Navigating synthetic data: developing a utility evaluation framework
Published 29 May 2024
Digital health intern at Beamtree | Statistics and biochemistry and molecular biology student at University of Sydney
LinkedIn: Sadiq Dohadwalla
Electronic Health Record data has the potential to revolutionise healthcare even further. In an age of ML and AI, EHR data can be used to catalyse a technology revolution of healthcare. However, from an ethical, legal and resource point of view – accessing high-quality data is nearly impossible. With the aims of overcoming these issues, synthetic data has taken the main stage with its myriad of opportunities and solutions. Generating synthetic data is only half the challenge. The other half – the less talked of one – is the challenge of evaluating the synthetic data outputted by different generative models. Specifically, evaluating the utility – or the synthetic data’s usability in downstream applications is underdeveloped.
By conducting a literature review we developed a utility evaluation framework (UEF) and identified representative studies to apply the UEF. We recognised the equal importance of integrating both machine learning and traditional statistical modelling aspects to holistically assess the utility of synthetic EHR. For the machine learning modelling aspect we encourage augmenting the real data with synthetic data and vice versa to improve the robustness of the chosen ML models. Due to an alarming absence in the literature of testing whether the temporal structure of the synthetic EHR data is maintained – we also emphasise the use of longitudinal models to test if the temporality of the data is preserved.

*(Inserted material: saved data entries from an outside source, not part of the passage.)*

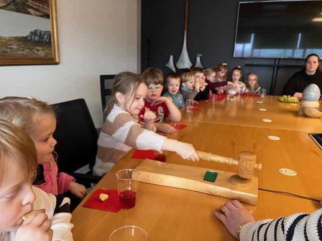 Þá sagði Dagmar þeim frá hamrinum sem er í fundarsalnum, að hann væri eftir Hlyn á Miðhúsum og að forseti sveitarstjórnar notaði hamarinn til þess að setja og slíta fundi. Það mætti þó alls ekki nota hann til að hengja neitt upp á veggi. Hamarinn var svo látinn ganga og fengu krakkarnir allir að prófa gripinn.
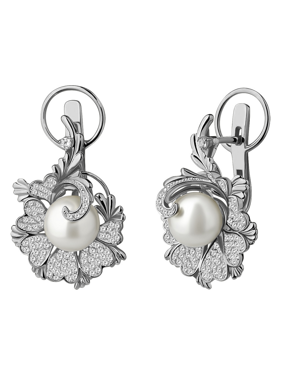 Ди АРС Серьги Камилла из серебра с натуральным культивированным жемчугом и фианитами
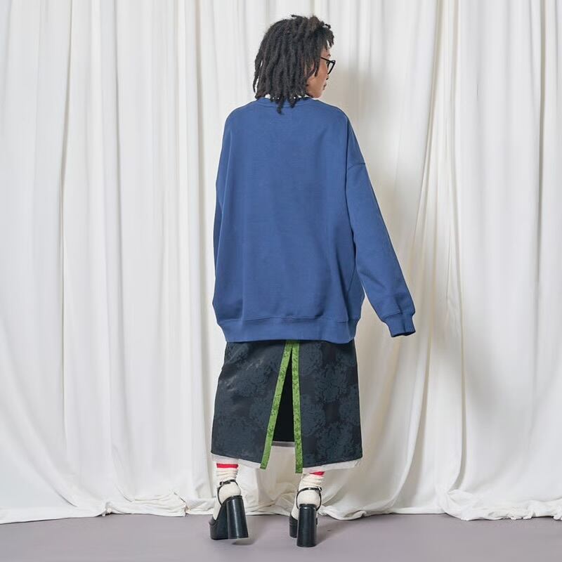 生地は裏毛(パイル地)春秋冬に向いているオールマイティーな素材にしました。耐久性があり、長くずっと着る事ができる素材にしています。トーマスマグパイのスウェットは長年定評があり、コレクションのアイテムの中でも非常に人気の販売シェア率を誇っています。首周りは、今回、大きめ。インナーにTシャツや、襟付きのシャツなどを入れるとバランスが良くなります。私はクルーネックのスウェットには、シャツかTシャツを入れるのを好みます。
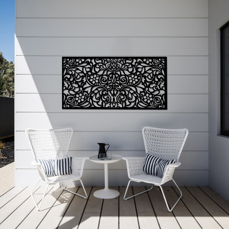 This modern India-inspired symmetrical BAROQUE design is filled with character. It will fit in with both modern and vintage décor and is sure to be a talking point whether you hang it inside or out.
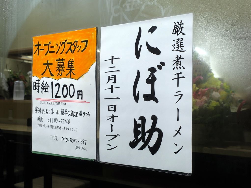 2018年12月11日、本日オープンの新店「厳選煮干ラーメン 初代 にぼ助」へ。
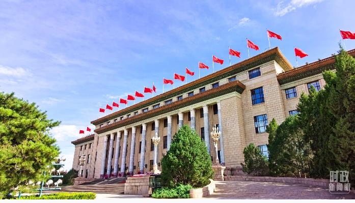 人民大會堂擺放的旗陣。(總臺央視記者馬超拍攝)
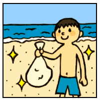 - ゴミは海岸を汚すだけでなく、ゴミでケガをすることもあります。必ず持ち帰りましょう。
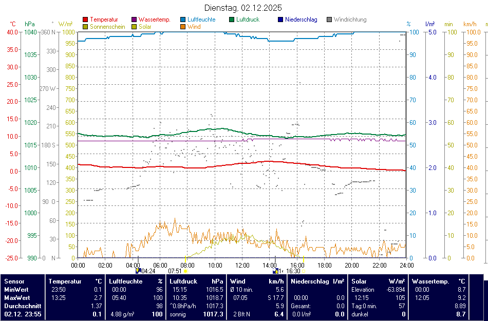 | 03.12.2025 | Höhe ü. NN | Zeit | Temperatur (°C) | Nieder- schlag | Luft- feuchte | Luft- druck | Wind |
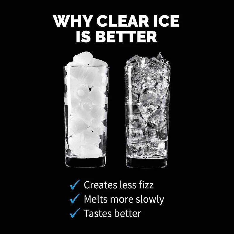 - Clear ice reduces excess carbonation and melts more slowly, making it perfect for cocktails, scotch, soda and more
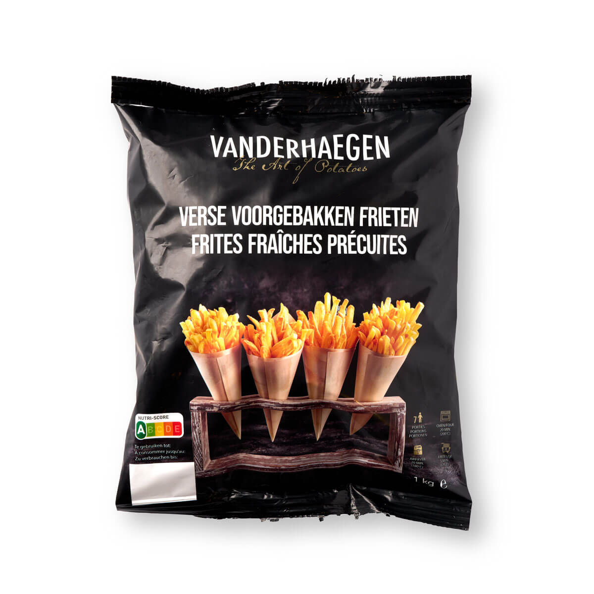 Onze frieten hebben een natuurlijke goudgele kleur en een lichte, krokante beet. Dankzij de verpakking onder beschermde atmosfeer blijft die versheid optimaal bewaard tot in de frituur.
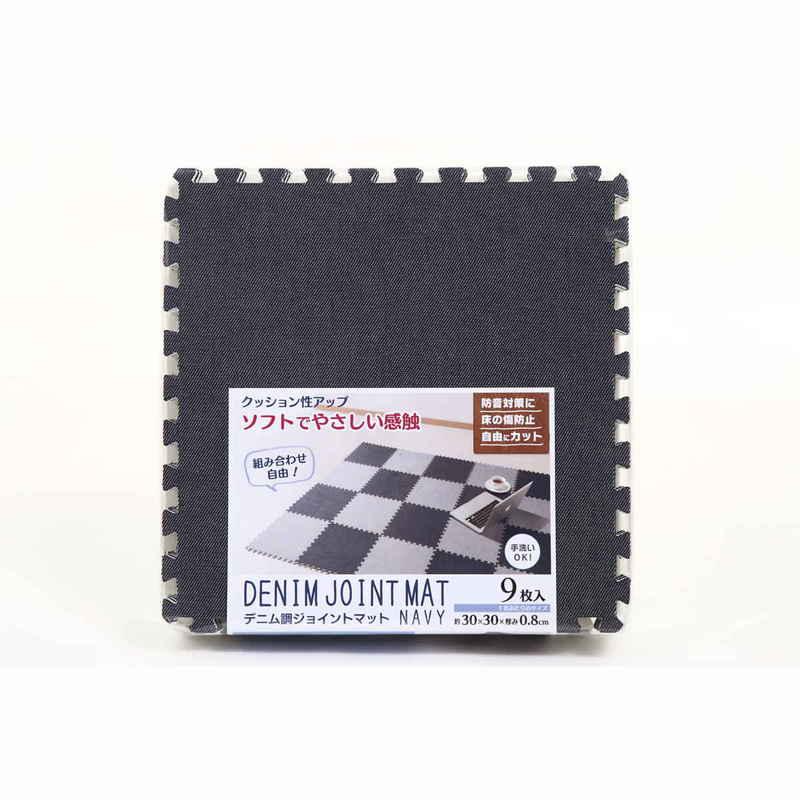 ユノックス ジョイントマット デニム調 9枚入り 30cm 厚さ0.8cm 0.5畳分 ネイビー
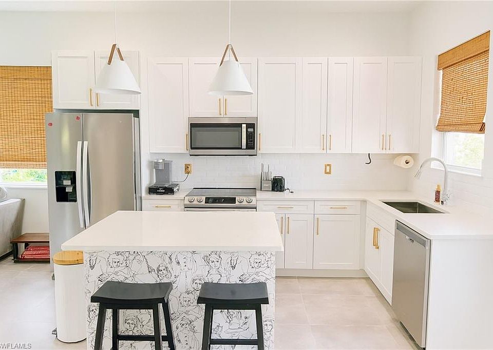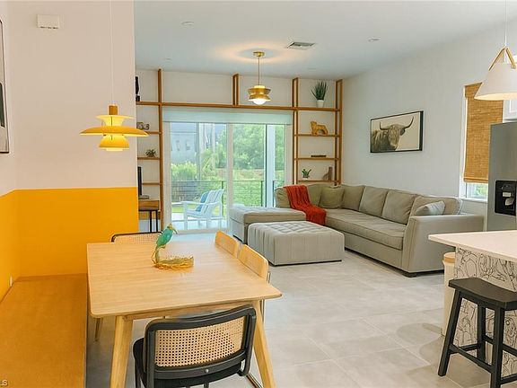 Welcome to your Modern Oasis in the Bayshore Arts District!! Enjoy this rental with no HOA fees, and all utilities are included in the monthly rent! This meticulously updated home offers a perfect blend of style and comfort, featuring 2+ spacious bedrooms and 2.5 bathrooms within 1,330 square feet of thoughtfully designed living space. Step inside to discover volume ceilings and an open floor plan, complemented by custom bamboo window treatments and designer lighting that adds a touch of elegance throughout. The living room boasts a privacy luxury screen slider; seamlessly hidden when not in use to enhance functionality and aesthetics. The kitchen is equipped with a Samsung Bespoke range (2023) and a convenient trash slide-out feature in a lower cabinet. Tile floors, sealed for durability, extend throughout the home, offering a sleek and modern design. Enjoy the comfort and security with impact glass windows and doors, with added benefit of professionally tinting to block UV and reduce heat - without sacrificing natural light. Extra attic insulation installed in 2020 to ensure energy efficiency year-round. The master bedroom is a retreat, featuring crown molding and custom wood closets. The office and second bedroom also offer custom wood closet solutions, providing ample storage and custom barn doors for space efficiency. The screened-in lanai invites you to relax and enjoy the private outdoor space, enhanced by OtO lawn irrigation units and lush landscaping. Clusia trees are strategically planted to provide a natural privacy feature, growing over eight feet tall in the not-too-distant future. This home is not only stylish but also practical, with a washer and dryer conveniently located in the unit. Additional features include upgraded modern door hardware, luxury wallpaper, and custom built-in bookshelves on both levels. Experience the perfect blend of modern living and privacy in this single-family home. Schedule your private tour today and envision the lifestyle that awaits you in the Bayshore Arts District.
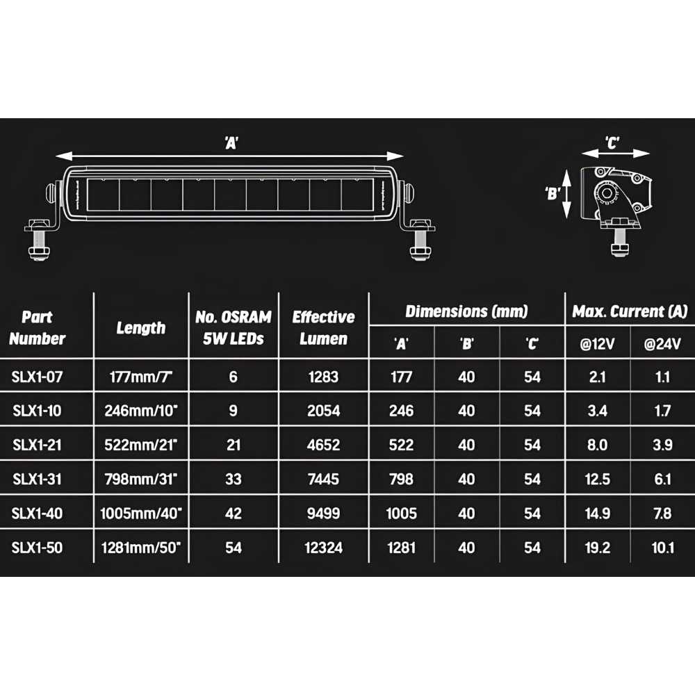 LAP Electrical SLX1-07 12/24v Single row 7" Strolux LED Work Light Bar PN: SLX1-07

As researchers strive to harness the power of EHR data for disease phenotyping, predictive modelling, personalized medicine, and clinical decision support, ensuring the reliability and applicability of synthetic data becomes paramount. As synthetic data becomes an important tool and goes from the “new, shiny, and exciting thing” to the norm – thinking more carefully about what is considered “good” synthetic data will be crucial for rigorous research to be conducted. By providing a structured framework approach to evaluate synthetic data, our work begins to contribute to the foundation of responsible and impactful healthcare and digital health research.